* _WHAT TO PRODUCE_:
Print, word for word, every line from the beginning of the listing up to and including the line with "pachulí y vainilla.". Pictures are to be excluded.

* _PROVIDED DATA_:
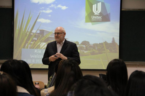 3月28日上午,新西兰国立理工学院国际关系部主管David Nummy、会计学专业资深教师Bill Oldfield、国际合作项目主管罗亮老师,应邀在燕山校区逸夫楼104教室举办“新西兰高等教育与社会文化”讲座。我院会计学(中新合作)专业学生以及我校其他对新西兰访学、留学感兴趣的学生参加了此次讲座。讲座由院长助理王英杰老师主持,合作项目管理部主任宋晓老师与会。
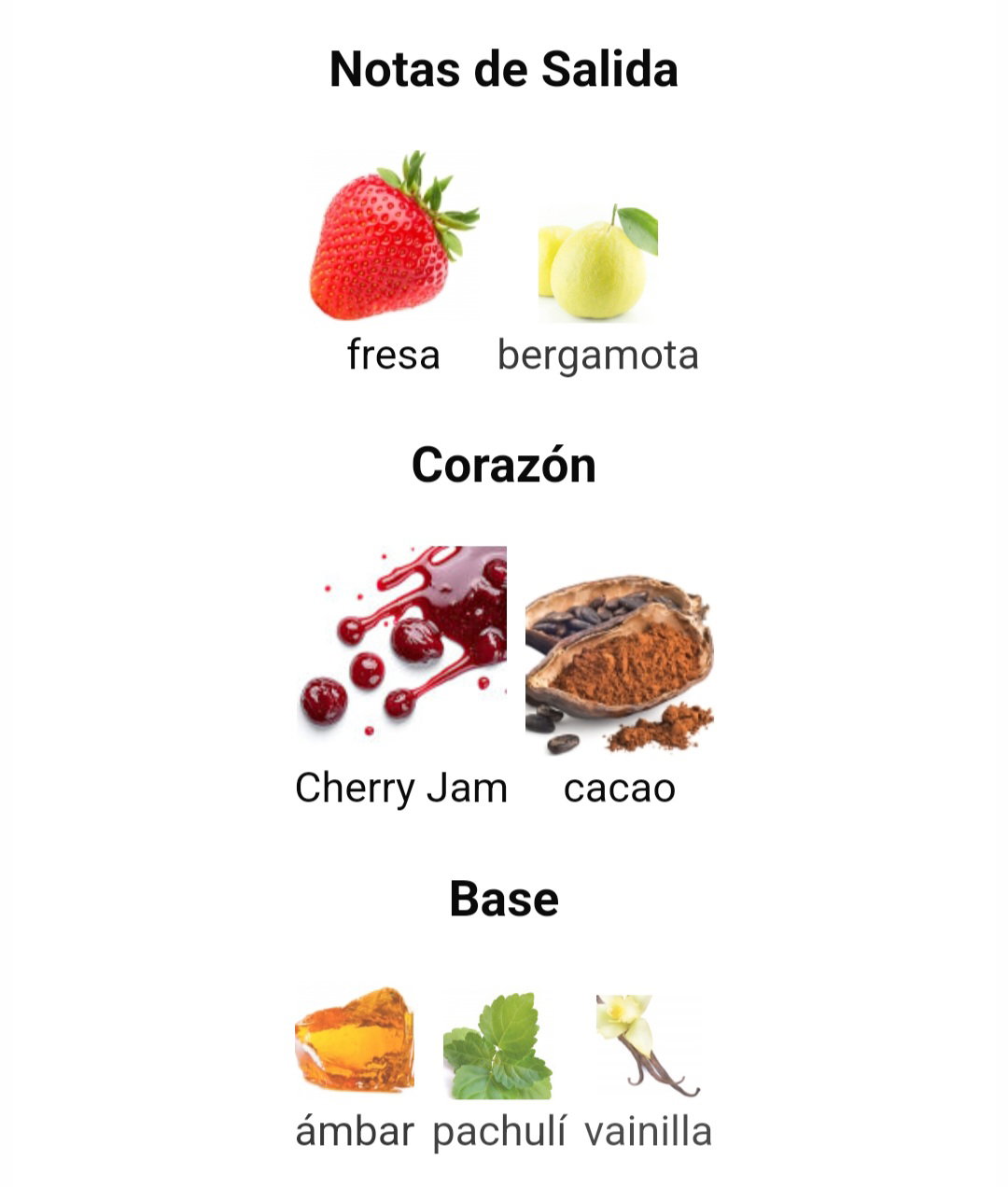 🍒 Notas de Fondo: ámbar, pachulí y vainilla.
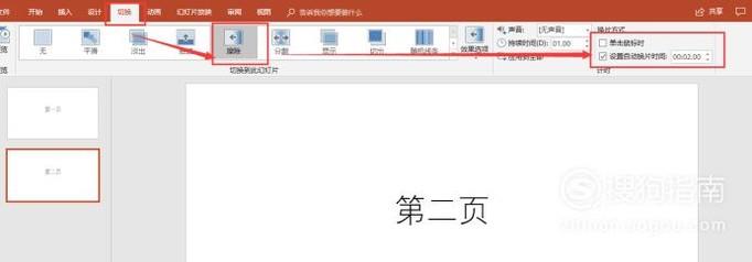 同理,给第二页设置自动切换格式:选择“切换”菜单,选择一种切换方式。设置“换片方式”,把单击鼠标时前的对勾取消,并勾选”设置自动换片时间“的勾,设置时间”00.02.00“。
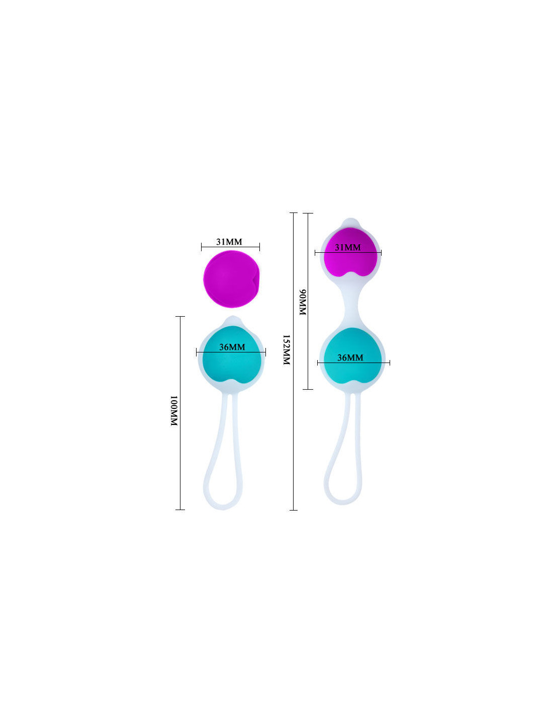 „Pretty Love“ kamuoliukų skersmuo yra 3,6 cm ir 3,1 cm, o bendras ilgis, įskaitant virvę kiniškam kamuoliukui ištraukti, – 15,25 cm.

* _ANSWER SECTION_:
 3月28日上午,新西兰国立理工学院国际关系部主管David Nummy、会计学专业资深教师Bill Oldfield、国际合作项目主管罗亮老师,应邀在燕山校区逸夫楼104教室举办“新西兰高等教育与社会文化”讲座。我院会计学(中新合作)专业学生以及我校其他对新西兰访学、留学感兴趣的学生参加了此次讲座。讲座由院长助理王英杰老师主持,合作项目管理部主任宋晓老师与会。
 🍒 Notas de Fondo: ámbar, pachulí y vainilla.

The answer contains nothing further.